Cookies on Pinsent Masons website

This website uses cookies to allow us to see how the site is used. The cookies cannot identify you. If you continue to use this site we will assume that you are happy with this

If you want to use the sites without cookies or would like to know more, you can do that here.

Is content scraping legal?

We ask whether the website scraping that underpins the emerging aggregator industry falls foul of the law01 May 2008


 A text transcription follows.

This transcript is for anyone with a hearing impairment or who for any other reason cannot listen to the MP3 audio file.

The following is the text spoken by OUT-LAW journalist Matthew Magee.


Hello and welcome to OUT LAW Radio, the weekly podcast that keeps you up to date on all the twists and turns in the world of technology law.

Every week we bring you the latest news and in depth features that help you to make sense of the ever changing laws that govern technology today.

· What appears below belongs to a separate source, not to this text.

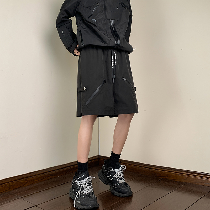 美式机能短裤男夏季宽松大码设计感小众拉链裤子休闲运动五分中裤

My name is Matthew Magee, and this week we look at the legal uncertainties surrounding the website scraping that underpins an entire new industry.

But first, the news; Swiss company claims loophole protection for UKTV rebroadcasting and EU orders special funds for session musicians

An internet start up is re broadcasting UK television from Switzerland without the station's permission. It is re broadcasting all five UK terrestrial channels online but claims it is not breaking the law.

One legal expert, though, said that the company's re broadcasting could be short lived, and that the Government could close the loophole at any time.

Zattoo.com claims that it is not in breach of the UK's copyright legislation, and that a loophole allows for live re broadcast of material from public service broadcasters.

Kim Walker, head of intellectual property at Pinsent Masons, the law firm behind OUT LAW said that even if Zattoo has found a legitimate loophole, it may not be open for long.

He said that the Copyright Act says the Secretary of State has the power to withdraw the permission at any time, and that if this is a loophole that the Government is not happy with the Secretary of State could say that the right does not apply to re transmission online.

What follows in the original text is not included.